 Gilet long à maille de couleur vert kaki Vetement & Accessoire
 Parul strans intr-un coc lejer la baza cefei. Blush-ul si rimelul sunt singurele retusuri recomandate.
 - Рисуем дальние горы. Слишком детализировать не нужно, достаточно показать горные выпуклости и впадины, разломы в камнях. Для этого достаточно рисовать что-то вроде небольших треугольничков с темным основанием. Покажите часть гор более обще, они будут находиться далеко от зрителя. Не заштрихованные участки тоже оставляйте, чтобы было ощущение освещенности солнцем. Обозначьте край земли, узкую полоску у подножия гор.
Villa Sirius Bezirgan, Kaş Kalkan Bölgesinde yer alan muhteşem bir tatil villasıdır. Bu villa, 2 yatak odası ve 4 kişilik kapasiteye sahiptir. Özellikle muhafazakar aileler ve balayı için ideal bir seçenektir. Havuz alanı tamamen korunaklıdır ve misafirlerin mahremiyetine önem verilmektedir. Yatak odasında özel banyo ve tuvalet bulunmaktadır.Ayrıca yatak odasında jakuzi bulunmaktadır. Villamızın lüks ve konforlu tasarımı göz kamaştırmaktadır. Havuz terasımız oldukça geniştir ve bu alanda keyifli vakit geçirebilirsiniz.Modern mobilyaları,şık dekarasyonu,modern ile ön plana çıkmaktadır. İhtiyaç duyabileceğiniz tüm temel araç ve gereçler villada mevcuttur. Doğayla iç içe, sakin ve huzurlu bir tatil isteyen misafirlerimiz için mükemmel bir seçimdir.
=-=-=
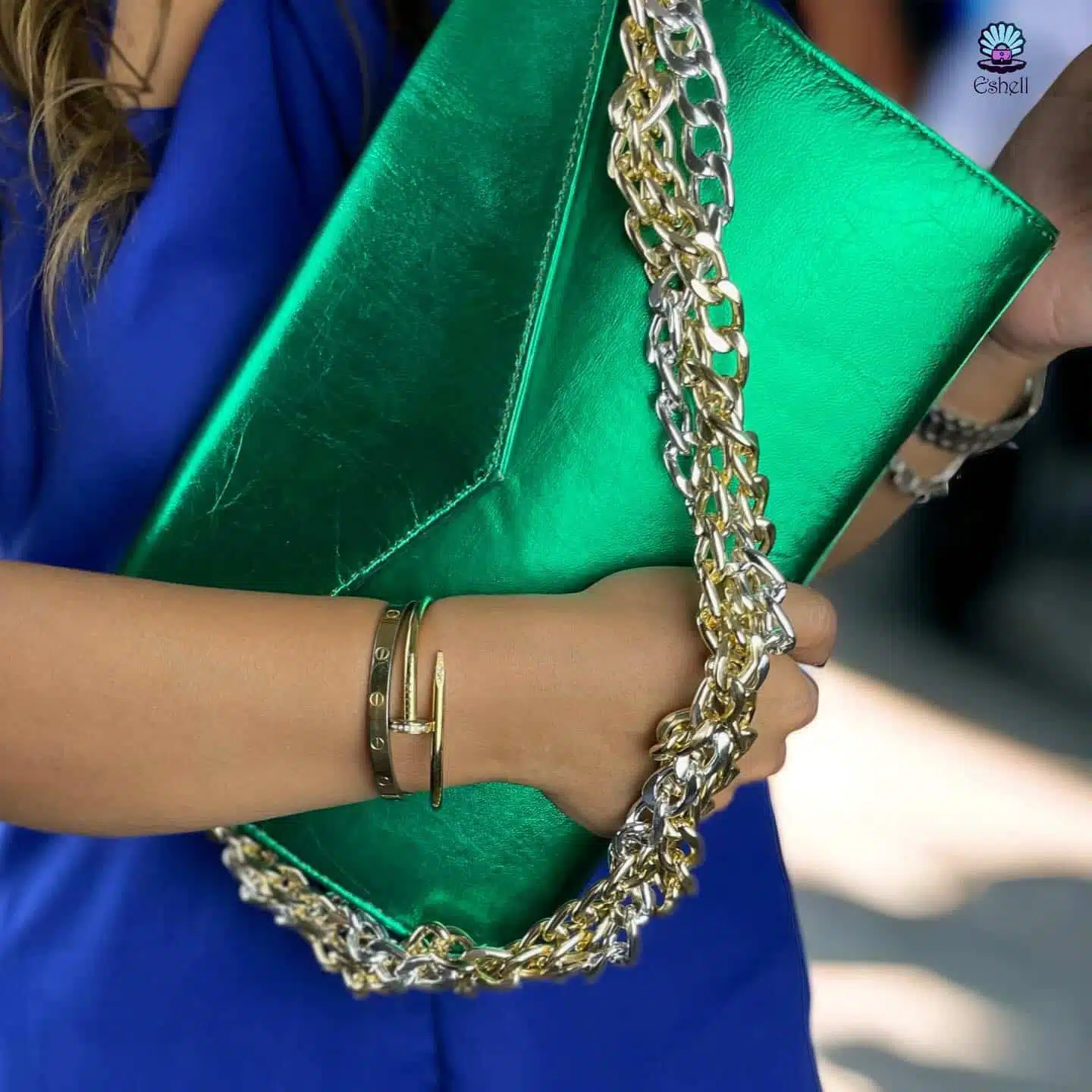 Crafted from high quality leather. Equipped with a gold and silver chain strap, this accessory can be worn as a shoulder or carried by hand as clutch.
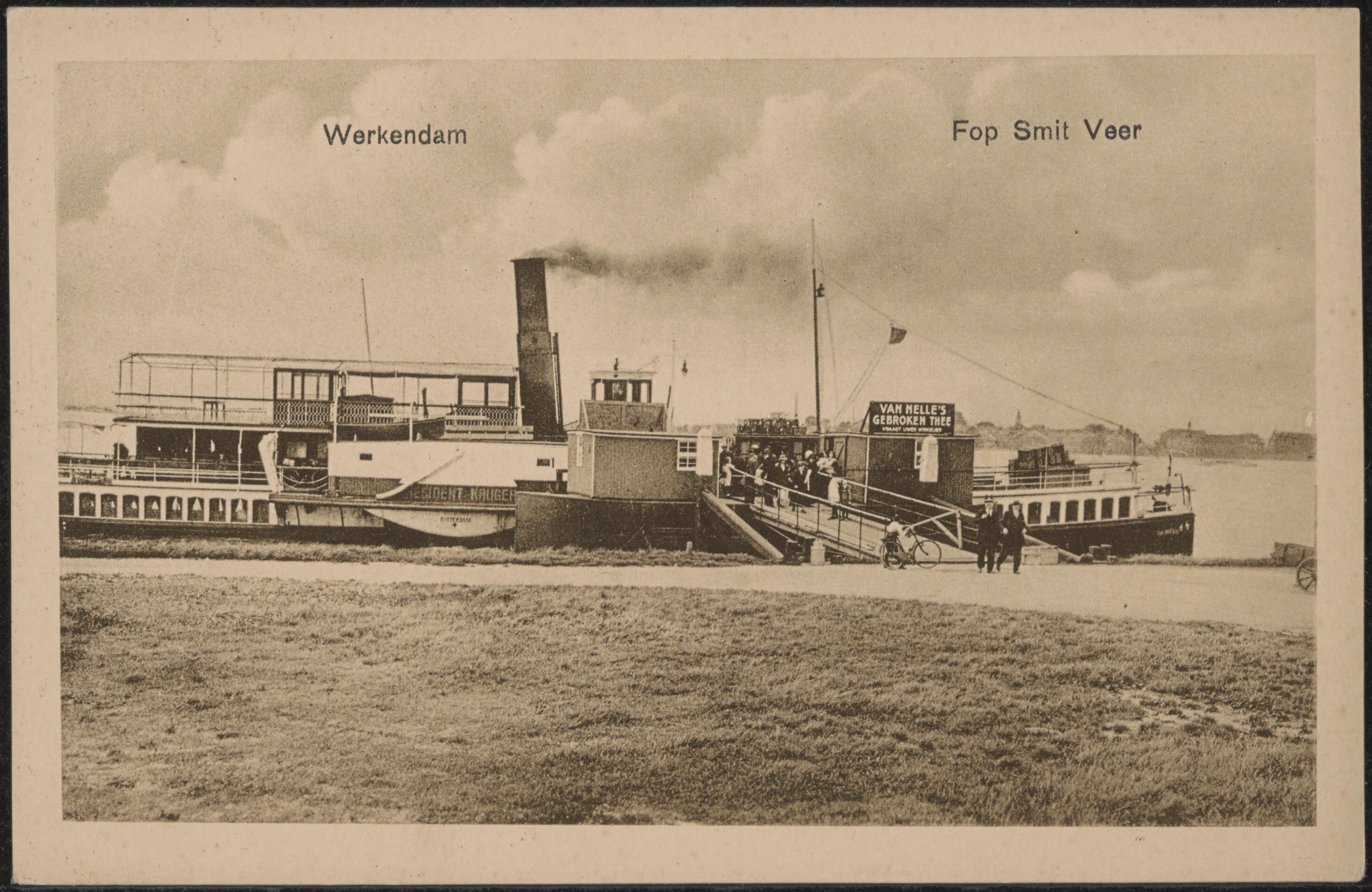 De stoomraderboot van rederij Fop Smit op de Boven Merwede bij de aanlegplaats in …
=-=-=
> **Exercise details**: Look back at the data above. Transcribe exactly the lines starting at the line that contains "Gilet long à" and ending at the line that contains "- Рисуем дальние".

> **Answer section**:
 Gilet long à maille de couleur vert kaki Vetement & Accessoire
 Parul strans intr-un coc lejer la baza cefei. Blush-ul si rimelul sunt singurele retusuri recomandate.
 - Рисуем дальние горы. Слишком детализировать не нужно, достаточно показать горные выпуклости и впадины, разломы в камнях. Для этого достаточно рисовать что-то вроде небольших треугольничков с темным основанием. Покажите часть гор более обще, они будут находиться далеко от зрителя. Не заштрихованные участки тоже оставляйте, чтобы было ощущение освещенности солнцем. Обозначьте край земли, узкую полоску у подножия гор.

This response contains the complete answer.